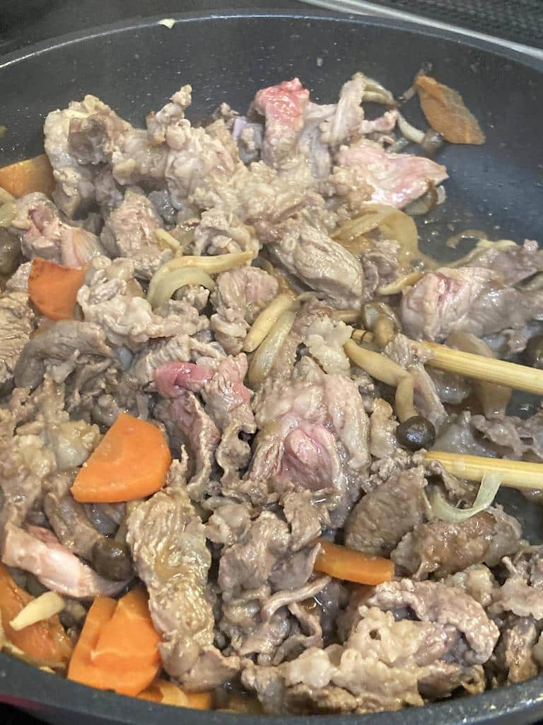薄切り肉も加えるんか
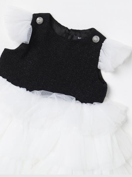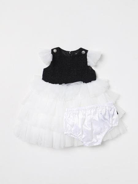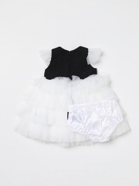 Abito bianco e nero a balze con ruches , dispone di coulotte.
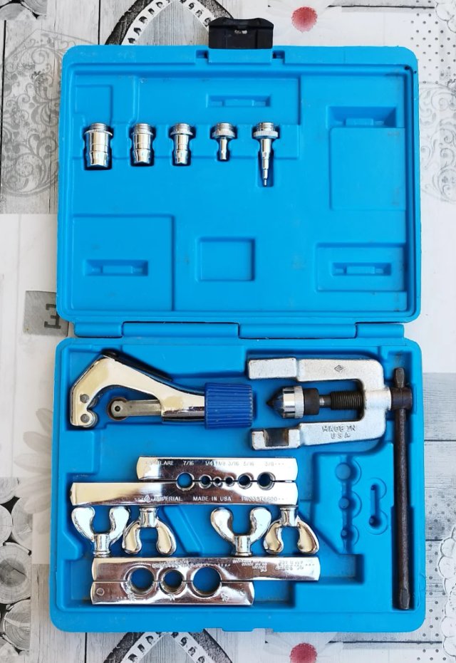 Kit de abocardador de la marca Imperial. - Incluye cortatubos. - Incluye conos y adaptadores para diferentes medidas. - Fabricado en USA.
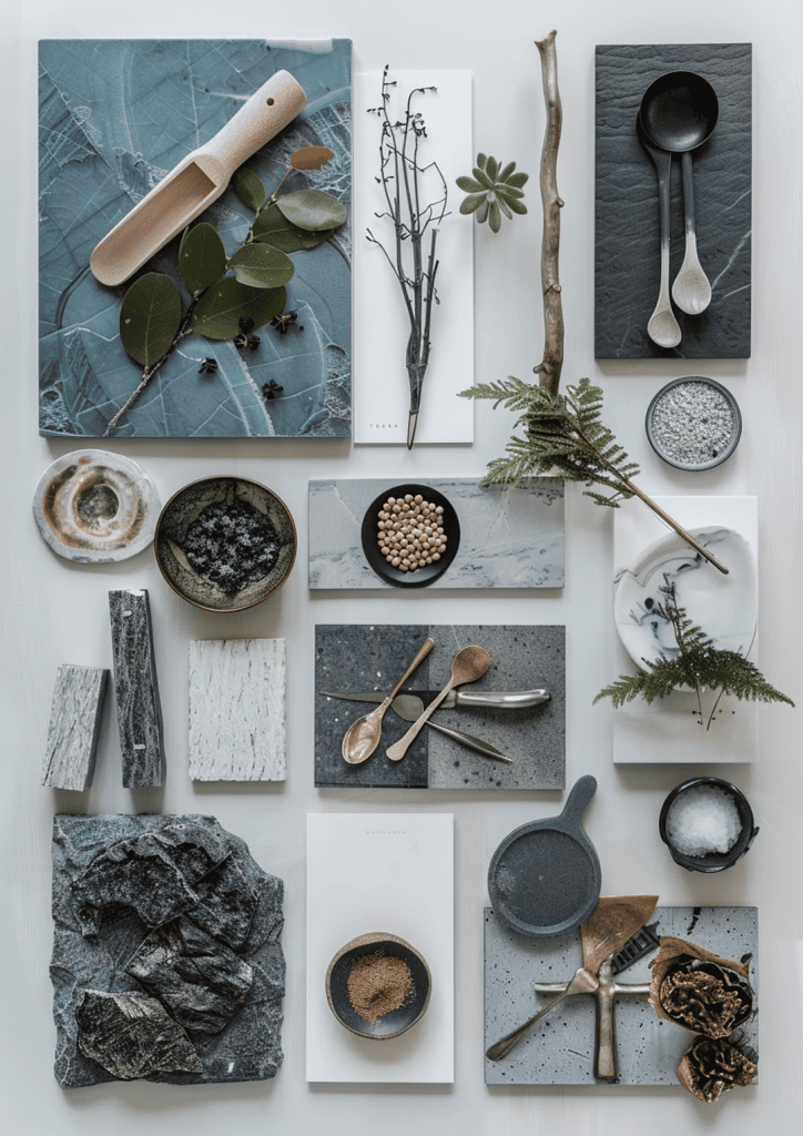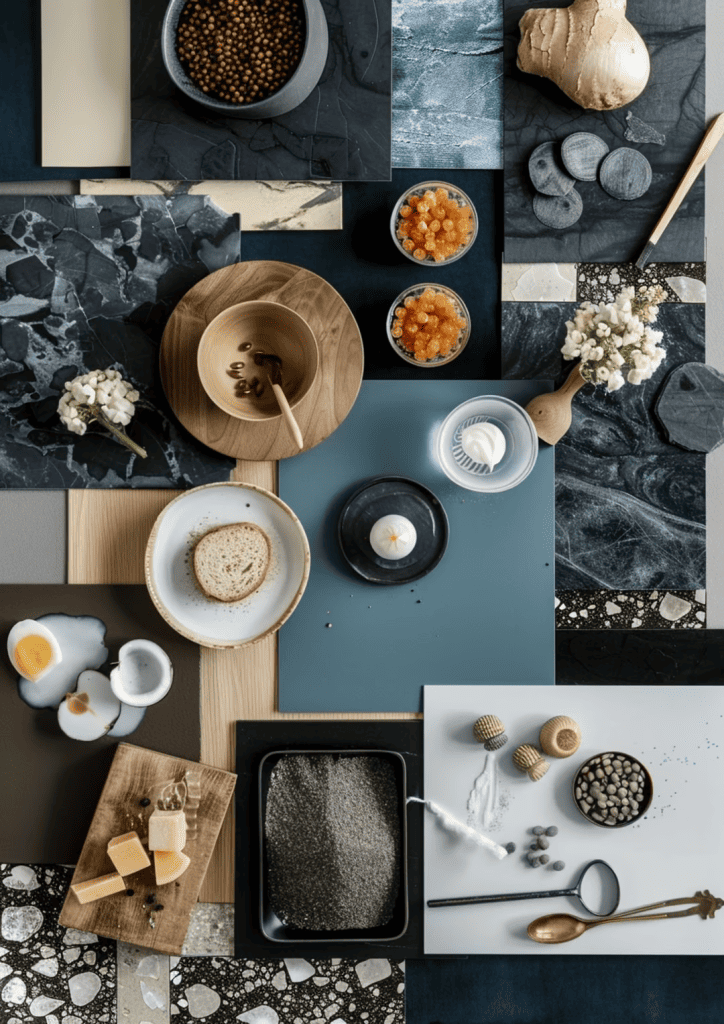 CREATE AN IMAGE OF A MOOD BOARD ON MJ
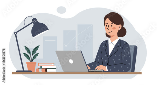 a woman seated at a desk, engrossed in work on a laptop, with a lamp beside her and a plant on the desk. Suitable for landing page, banner, marketing, web design, presentation, infographic, etc.
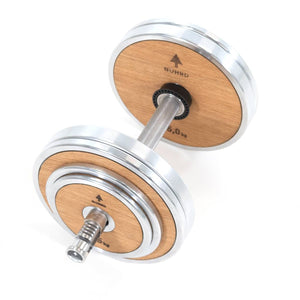 NOHRD Weight Plates Tower are designed with form fused seamlessly with functionality. Real wood veneer coats the center of each plate, making them not only aesthetically pleasing, but also offering a practical benefit. The wood veneer acts as a sound buffer to prevent metal clanking during use, providing a more pleasant experience while exercising.

——

Leaving out the pictures, please output the lines in the entries above from the one with "Kit de abocardador" through the one with "a woman seated", exactly as they are.

 Kit de abocardador de la marca Imperial. - Incluye cortatubos. - Incluye conos y adaptadores para diferentes medidas. - Fabricado en USA.
 CREATE AN IMAGE OF A MOOD BOARD ON MJ
 a woman seated at a desk, engrossed in work on a laptop, with a lamp beside her and a plant on the desk. Suitable for landing page, banner, marketing, web design, presentation, infographic, etc.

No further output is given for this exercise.